The postwar years saw the beginning and steady increasing of tolerance for Jewish men among mainstream Colby fraternities as well as the dissolution of Tau Delta Phi as an exclusively Jewish fraternity. Where 1956 saw religious diversity emerge within Tau Delt, 1957 brought ethnic diversity: John P. Goolgasian was of Armenian heritage and Ben L. Hom was of Vietnamese descent. The members of Tau Delt who were also affiliated with Hillel slipped into the minority. As Judy Brody ’58 observed, “One of the fraternities here was really a national Jewish fraternity, Tau Delt, but they had some guys in there who were not Jewish.”  By 1959 a minority of Jewish men joined Tau Delta Phi, instead joining mainstream fraternities, and by 1960 a decent variety of fraternities were accepting Jewish men. Even though Judy Brody mentions diversity, she emphasized that Tau Delta Phi “was definitely a Jewish fraternity,” and non-Jewish members remained a clear minority.
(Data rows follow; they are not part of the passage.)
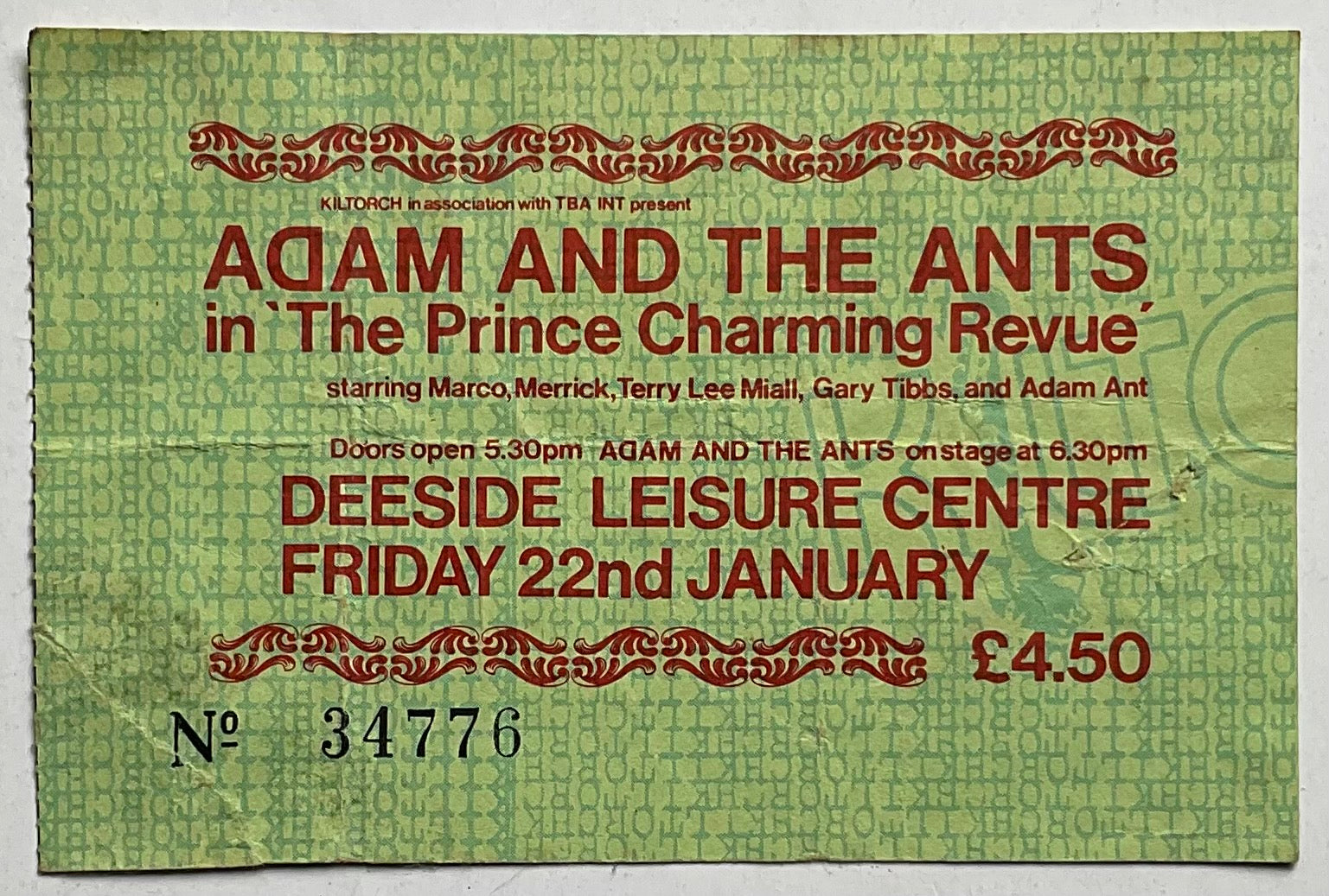 Adam and the Ants Original Used Concert Ticket Deeside Leisure Centre Queensferry 22nd Jan 1982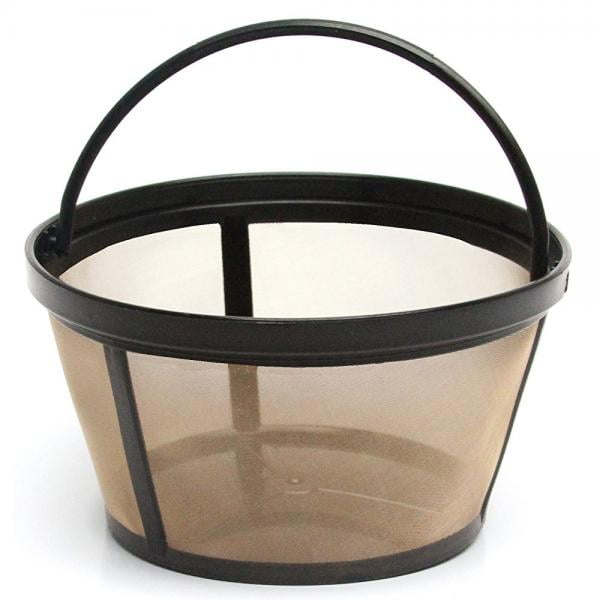 Gold Tone Reusable Basket-style 10-12 Cup Coffee Filter with Solid Bottom.Fits Black & Decker, Bunn, Continental, Hamilton Beach, Kitchenaid, Mr. Coffee and Proctor Silex coffeemakers.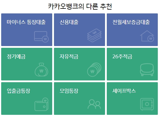카카오뱅크의 다른상품 아홉가지도 추천하고 있는데요 마이너스 통장대출, 신용대출, 전월세보증금대출, 정기예금, 자유적금, 26주적금, 입출금통장, 모임통장, 세이프박스가 있습니다. 저같은 경우에는 현재 모임에 하나 들어놓은게 있어서 모임통장을 요긴하게 잘 사용하고 있네요.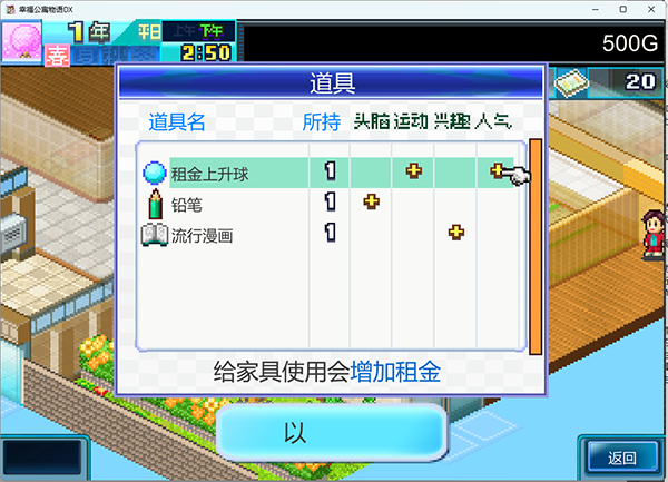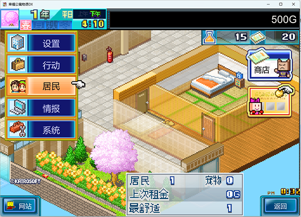 住宅梦物语电脑版(Dream House Days DX)也称之为:幸福公寓物语,是一款移植Kairosoft同名主机游戏的pc平台像素风格的模拟经营游戏,是开罗物语系列游戏中比较知名的一个游戏,并且还有安卓的移植版本,游戏中可以设置语言为中文语言。在住宅梦物语DX游戏中玩家将扮演公寓的经营者,不仅负责公寓的日常管理,更要亲手塑造每一位入住居民的人生轨迹,打造一个充满温馨与梦想的理想住所。游戏的可爱像素图形和细腻的生活模拟玩法,为玩家呈现了一个既真实又梦幻的居住环境。游戏上手简单直观,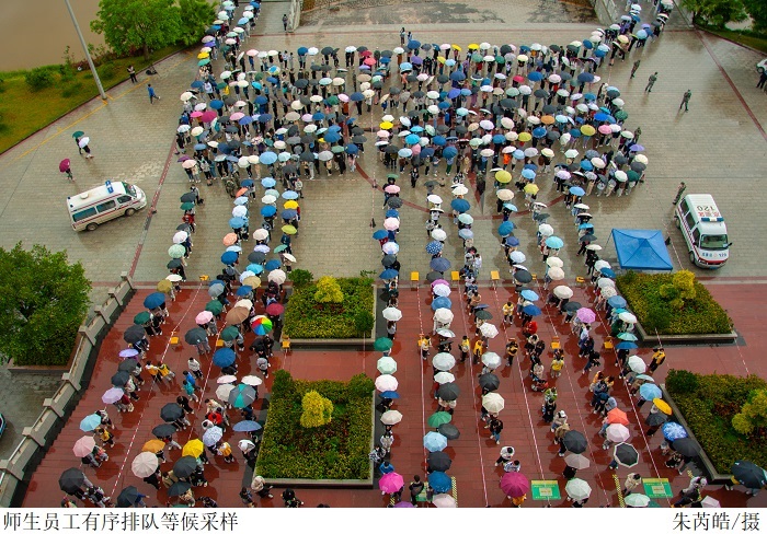 当日上午,检测现场从容有序、高效、温暖。等候区、入口处、验码区、采样区、出口处等标识明确。全体师生员工佩戴口罩,自觉保持一米间隔距离,分时段、分批次,秩序井然地通过防疫通道陆续进入待采区。志愿者们坚守岗位,主动协助进行信息登记、扫码录入、秩序维护等工作。80名医护人员与beat365官网师生志愿者、安保人员及后勤保障近200人组成服务团队,在广大师生员工的积极配合下,历时4个小时,高效完成了总计20391人的核酸检测工作。整个检测流程有条不紊,组织科学、保障有力、防护到位。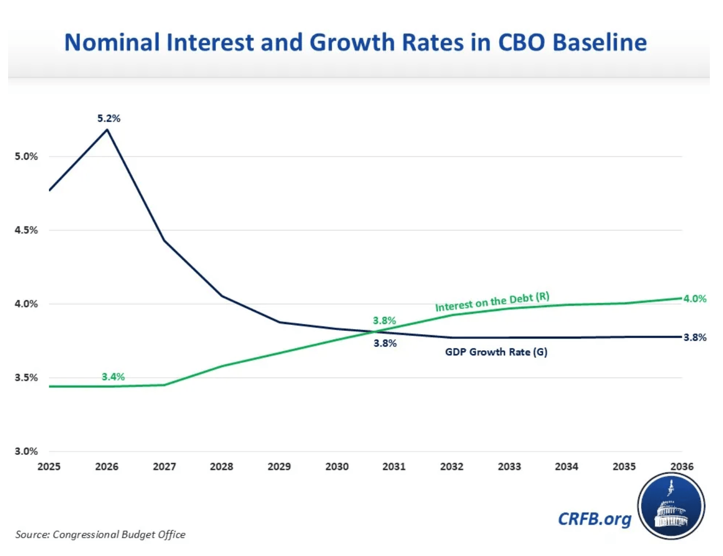 Since 2023, most newly issued Treasury debt has carried yields between 4% and 5%—rates that exceed the economy’s long-term expected growth rate. As older, cheaper debt matures and gets rolled over at these higher rates, the average interest cost on the entire federal debt stock is creeping upward. CBO now projects that by 2031, both R and G will hit roughly 3.8% nominally—and then diverge, with R pulling ahead.

Another change that came with the move to the Mayflower Hill was something of a disconnect with the larger Waterville community. In the years before 1948, Colby was still conducting classes at the old campus in Waterville and all of the fraternity houses were situated within the downtown area itself. As the 1940s ended, most activity at Colby came to be coordinated by Colby itself and located on campus instead of at Waterville hotels and venues.  Tau Delta Phi members continued to reach out to the community in some ways, though, including the ironic yearly visit to Waterville children by one of Tau Delt’s members, dressed in an obviously unconvincing Santa suit.